NVIDIA / DCGM

NVIDIA Data Center GPU Manager (DCGM) is a project for gathering telemetry and measuring the health of NVIDIA GPUs
Apache License 2.0
373 stars 49 forks source link

Support for Mariner (Azure Linux) #113

Closed LiquidPT closed 10 months ago

LiquidPT commented 10 months ago

I'm trying to create an official Microsoft Azure HPC/AI VM image based on Azure Linux (CBL-Mariner 2.0) to run on Azure virtual machines (Azure VMSS) and I can't find a version of DCGM that will install on it.

  1. I have tried the latest Fedora DCGM installation (since many people have suggested Mariner is similar to Fedora) at https://developer.download.nvidia.com/compute/cuda/repos/fedora37/x86_64/cuda-fedora37.repo , and get back "No valid Platform ID detected". I also tried the RHEL8 repo since they seem to have some similarity as well.
  2. I tried cloning the GitHub repo to the VM and running /dcgmbuilds/build.sh, but the version of docker that's available for Mariner (20.10.25) errors out on many of the options for docker build, starting with "--compress", btu continuing from there if I try deleting that one.

Are there any plans for supporting Mariner and/or are there any workarounds to enable using it?

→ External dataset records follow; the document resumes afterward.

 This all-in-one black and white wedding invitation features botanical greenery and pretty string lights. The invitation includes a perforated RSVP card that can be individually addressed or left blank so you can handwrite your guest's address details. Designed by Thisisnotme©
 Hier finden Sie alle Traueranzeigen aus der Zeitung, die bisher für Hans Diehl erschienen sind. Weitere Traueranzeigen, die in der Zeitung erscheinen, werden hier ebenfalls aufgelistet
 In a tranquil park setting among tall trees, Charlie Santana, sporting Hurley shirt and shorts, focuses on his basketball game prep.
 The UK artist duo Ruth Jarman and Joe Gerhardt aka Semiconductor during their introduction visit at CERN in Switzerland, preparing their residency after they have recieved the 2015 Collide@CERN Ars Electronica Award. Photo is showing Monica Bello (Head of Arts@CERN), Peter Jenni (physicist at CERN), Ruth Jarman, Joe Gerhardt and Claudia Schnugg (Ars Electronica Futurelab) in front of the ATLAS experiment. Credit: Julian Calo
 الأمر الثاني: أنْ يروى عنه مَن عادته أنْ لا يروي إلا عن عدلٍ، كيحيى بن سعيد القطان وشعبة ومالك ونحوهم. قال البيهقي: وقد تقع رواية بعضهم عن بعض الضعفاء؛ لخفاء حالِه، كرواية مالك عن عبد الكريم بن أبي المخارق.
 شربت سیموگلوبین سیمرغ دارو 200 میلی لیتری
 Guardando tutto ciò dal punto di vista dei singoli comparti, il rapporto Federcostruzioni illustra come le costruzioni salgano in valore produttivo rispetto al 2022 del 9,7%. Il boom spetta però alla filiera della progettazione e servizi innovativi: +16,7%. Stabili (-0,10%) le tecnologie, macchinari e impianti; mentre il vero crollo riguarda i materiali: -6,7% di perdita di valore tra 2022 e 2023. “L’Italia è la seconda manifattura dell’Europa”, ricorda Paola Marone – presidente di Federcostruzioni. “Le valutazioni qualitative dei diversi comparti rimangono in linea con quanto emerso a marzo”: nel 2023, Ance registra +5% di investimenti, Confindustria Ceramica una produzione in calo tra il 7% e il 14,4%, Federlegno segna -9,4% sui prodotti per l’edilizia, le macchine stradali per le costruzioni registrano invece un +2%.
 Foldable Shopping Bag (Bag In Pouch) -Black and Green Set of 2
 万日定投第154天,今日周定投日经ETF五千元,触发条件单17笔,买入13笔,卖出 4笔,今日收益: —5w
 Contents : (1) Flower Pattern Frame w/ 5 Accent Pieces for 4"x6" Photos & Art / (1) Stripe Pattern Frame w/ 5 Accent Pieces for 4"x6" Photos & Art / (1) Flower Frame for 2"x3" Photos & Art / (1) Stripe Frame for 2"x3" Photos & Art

nikkon-dev commented 10 months ago

@LiquidPT,

Are you able to install the https://developer.download.nvidia.com/compute/cuda/repos/rhel9/x86_64/datacenter-gpu-manager-3.2.6-1-x86_64.rpm directly? Please reach out to Kalpesh Patel at Microsoft to avoid duplicating efforts. There's already a communication channel regarding Mariner.

LiquidPT commented 10 months ago

That appears to have worked. I'll reach out to Kalpesh though.